Living With/In the Machine
How do characters in the story relate to the technology around them?
How does living with or within the machine change them?
What does it mean to call Vashti's room a "cell" in a beehive?
How is the body treated in this world?
What does it mean to be in constant contact with the rest of the world?
But to never touch anyone?
Why don't they hear the humming of the machine?
What have the people living with/in the machine given up?
What is atavism?

Distance
How is distance made irrelevant in this world?
What kinds of distance are portrayed?
Consider geographical distance, personal distance, distance from thought.
Why don't people touch one another?
Is it significant that everyplace in the world is the same? If so, why?
Why is distance from original thought important?
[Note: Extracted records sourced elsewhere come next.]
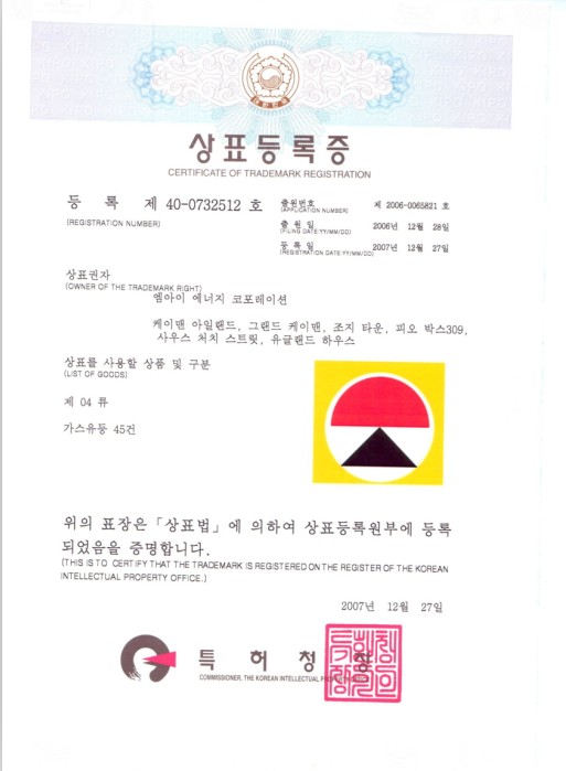 韓國商標注冊證樣本
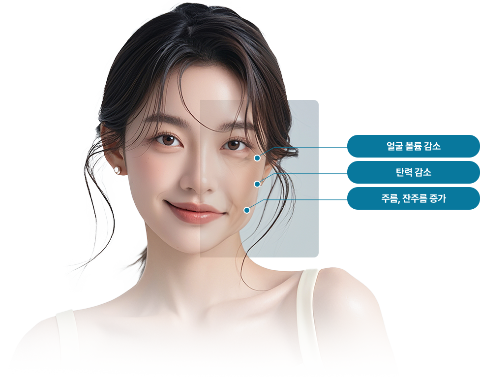 탄력 감소, 주름, 피부 색변화, 볼륨 감소 등이 발생됩니다.
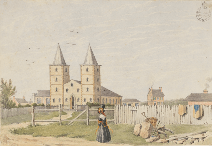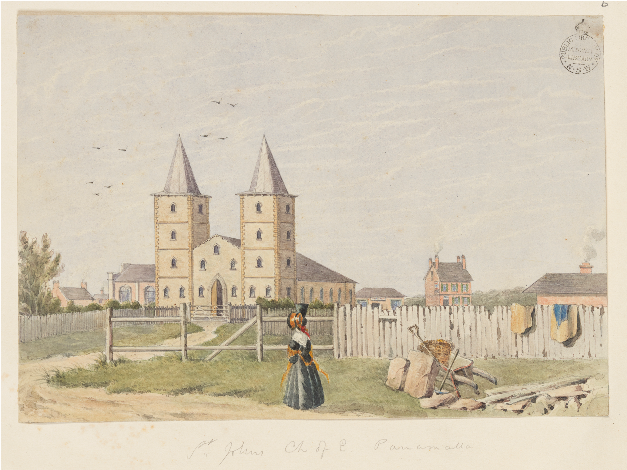 CLICK IMAGE TO ENLARGE. “St. Johns Ch of E. [Church of England], Parramatta,” by unknown artist, previously attributed to Joseph Fowles, in Drawings in Sydney, (c.1840–1850), PX*D 123 / FL3170481, Mitchell Library, State Library of New South Wales.
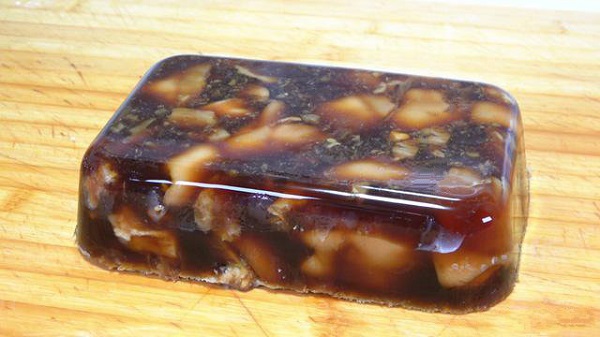 - Bước 5: Thịt đông cứng lại, bạn dùng thìa cạo bỏ phần mỡ đông bên trên cho bớt ngấy. Sau đó gỡ thịt đông ra khỏi khuôn rồi thái miếng vừa ăn là xong.
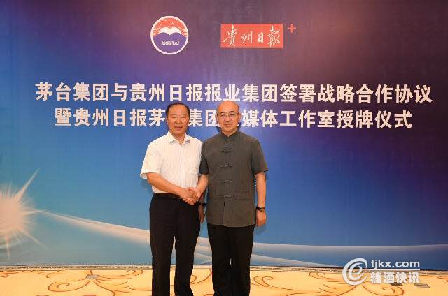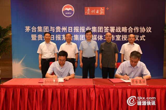 8月20日上午11时,在美丽的赤水河畔,贵州茅台集团与贵州日报报业集团成功“握手”,签署战略合作协议。“贵州日报茅台集团全媒体工作室”挂牌成立。
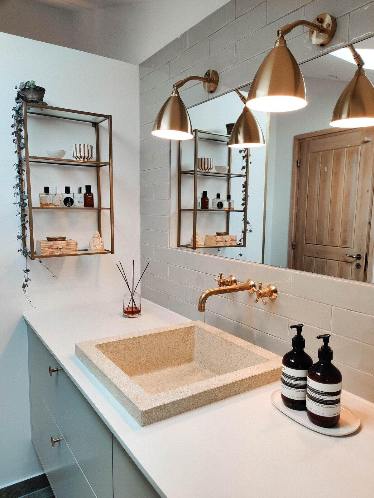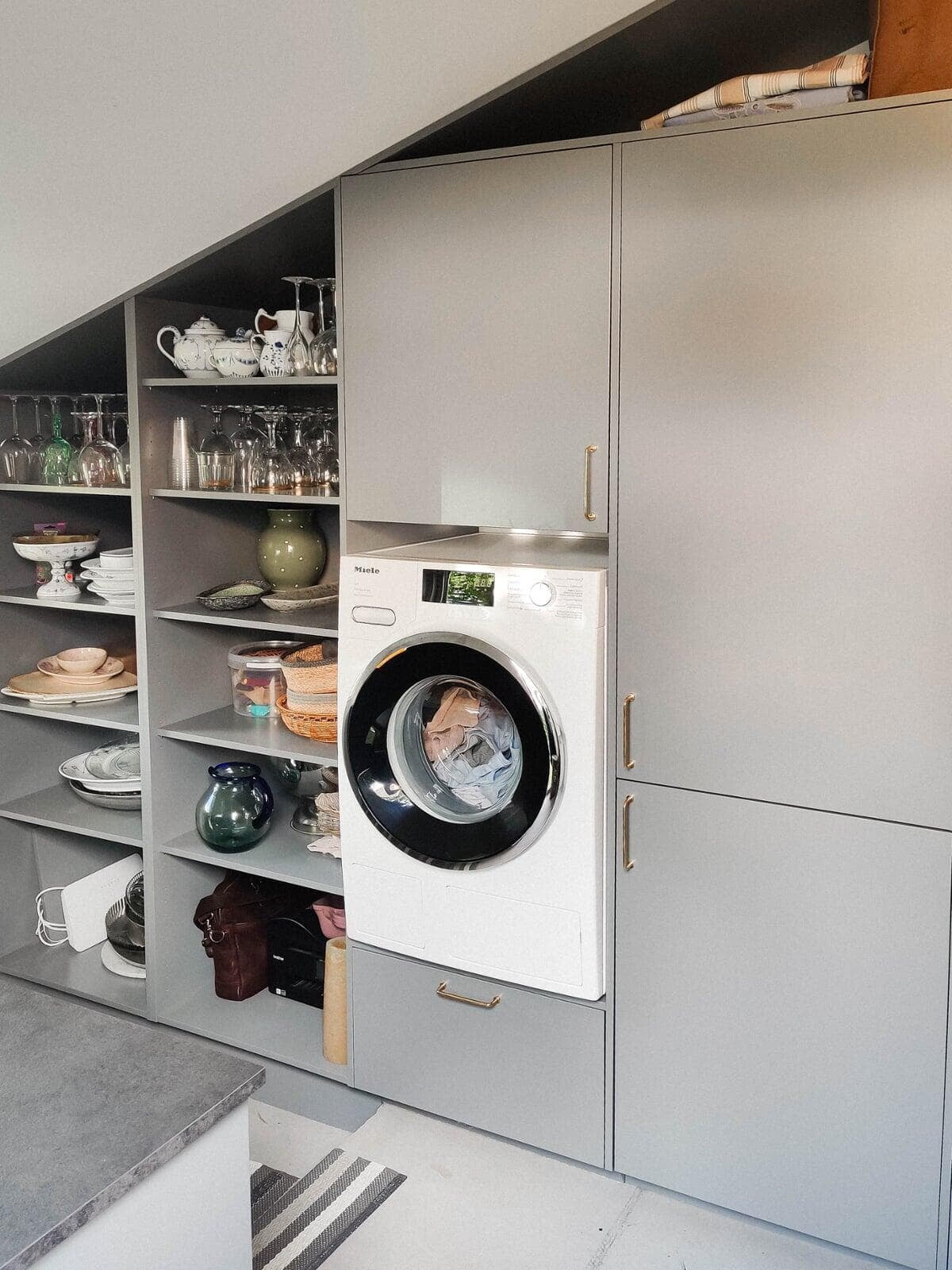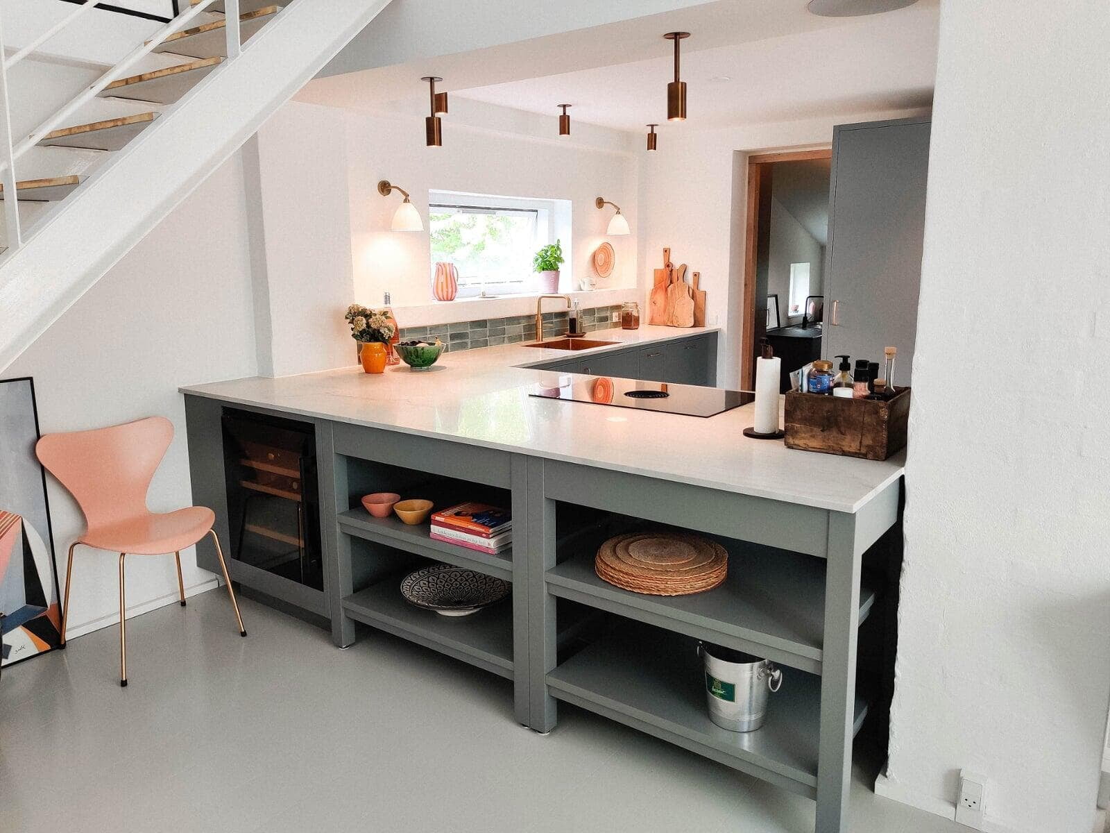 De åbne reoler gør det let at sætte sit eget præg på indretningen. Den flotte stil fortsætter i bryggerset, hvor pladsen er udnyttet optimalt, og skabene er tilpasset niveauforskellen og de skrå lofter. Samme stil ses på badeværelset, hvor design- og materialevalg tog udgangspunkt i terrazzo-vasken.

Understanding and Religion
How is it that the Machine is said to have done away with all religion and superstition?
Why do people begin to worship the Machine?
What is the relationship between understanding and worship?

Ideas
What are "ideas"? Why are first-hand ideas bad?
Why doesn't Greece give Vashti any ideas?
Does our own society idealize the concept of the "idea"?
What might it mean that Kuno gets ideas from the stars?

"Man is the Measure"
Why does Kuno say that his first lesson in rediscovering a sense of space was "man is the measure"?
How and why might man be the measure of things?
How are the senses important here?
How do others in this society measure their worlds?

"The Imponderable Bloom"
What is the "imponderable bloom" of humanity?
What is essential about our humanity?
What makes us human or special?
How is the body important?
The senses?
For what reason do Vashti and Kuno weep near the end?

The Machine Stops
How does the society react when the Machine begins to break down?
How dependent are they on the Machine?
To what extent does it serve them? To what extent do they serve it?
Why does silence kill?
Will someone start the machine again in the future?
Are humans capable of turning away from technologies that negatively impact their humanity?

Utopia and Dystopia
What elements of this story seem utopian?
What would make it a dystopia?
How does one tell the difference between a utopia and dystopia?
What is the ultimate goal of a society? What can or should be sacrificed for this goal?